ABOUT THIS TASK :: What is needed is an exact reproduction of the lines in the records below, starting at the line with "[코리아 이슈저널=최제구 기자]" and ending at the line with "Oak Framed Tan Cloth Highback Gaslift Chair", both included, and nothing else; pictures stay out.

RECORDS FOR THIS TASK ::
○ ○ ○ ○
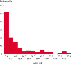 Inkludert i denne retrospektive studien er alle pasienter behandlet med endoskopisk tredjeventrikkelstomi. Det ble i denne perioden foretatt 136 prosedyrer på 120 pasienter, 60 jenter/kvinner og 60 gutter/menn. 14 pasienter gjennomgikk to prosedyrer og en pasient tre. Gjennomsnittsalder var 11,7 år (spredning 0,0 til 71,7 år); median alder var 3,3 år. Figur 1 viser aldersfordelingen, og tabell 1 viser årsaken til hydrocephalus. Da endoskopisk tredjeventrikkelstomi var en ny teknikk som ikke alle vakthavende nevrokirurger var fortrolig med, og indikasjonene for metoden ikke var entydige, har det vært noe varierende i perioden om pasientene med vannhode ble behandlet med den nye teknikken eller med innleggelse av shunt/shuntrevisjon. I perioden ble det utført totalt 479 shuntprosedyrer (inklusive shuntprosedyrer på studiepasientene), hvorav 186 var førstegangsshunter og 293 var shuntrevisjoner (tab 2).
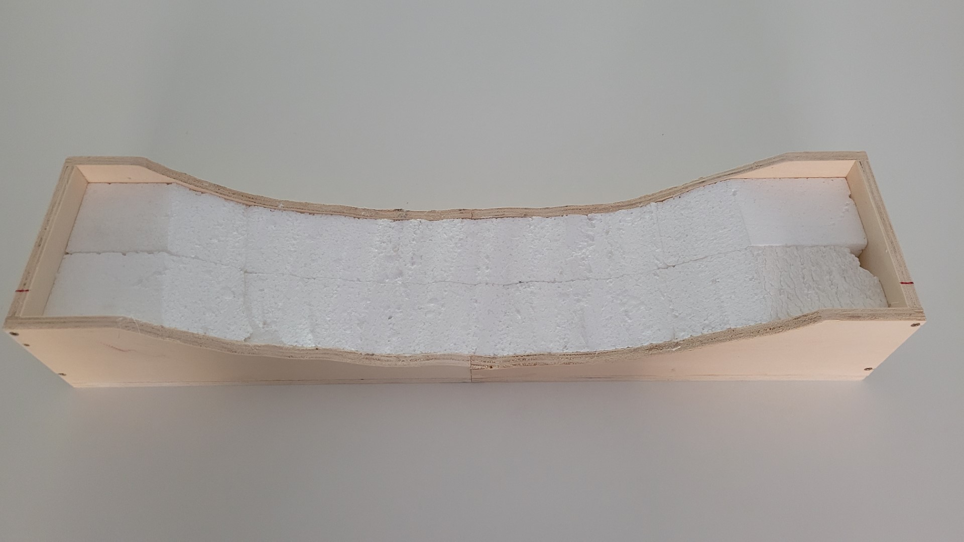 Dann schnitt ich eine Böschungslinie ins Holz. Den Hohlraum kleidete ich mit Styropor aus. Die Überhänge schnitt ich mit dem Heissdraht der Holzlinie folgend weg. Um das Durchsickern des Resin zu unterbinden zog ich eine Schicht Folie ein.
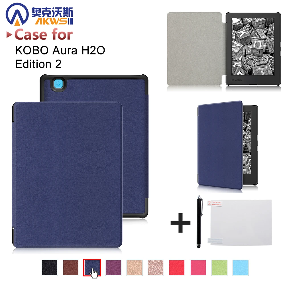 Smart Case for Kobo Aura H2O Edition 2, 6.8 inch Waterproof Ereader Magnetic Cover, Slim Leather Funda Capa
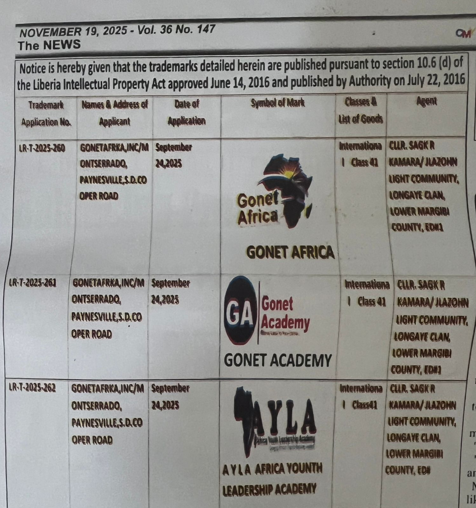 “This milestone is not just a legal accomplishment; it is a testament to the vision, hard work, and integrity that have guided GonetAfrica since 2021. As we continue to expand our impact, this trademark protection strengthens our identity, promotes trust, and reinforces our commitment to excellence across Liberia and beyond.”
○ ○ ○ ○
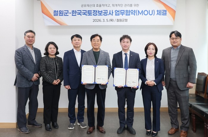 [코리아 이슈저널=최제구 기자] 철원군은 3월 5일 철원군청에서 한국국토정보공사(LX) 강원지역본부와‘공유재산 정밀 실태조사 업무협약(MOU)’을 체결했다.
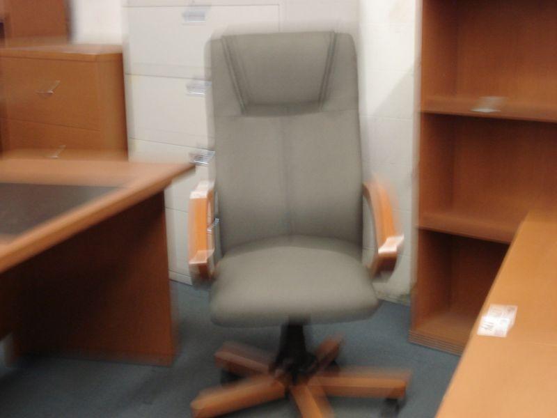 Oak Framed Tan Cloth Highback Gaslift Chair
○ ○ ○ ○
FINAL ANSWER ::
 [코리아 이슈저널=최제구 기자] 철원군은 3월 5일 철원군청에서 한국국토정보공사(LX) 강원지역본부와‘공유재산 정밀 실태조사 업무협약(MOU)’을 체결했다.
 Oak Framed Tan Cloth Highback Gaslift Chair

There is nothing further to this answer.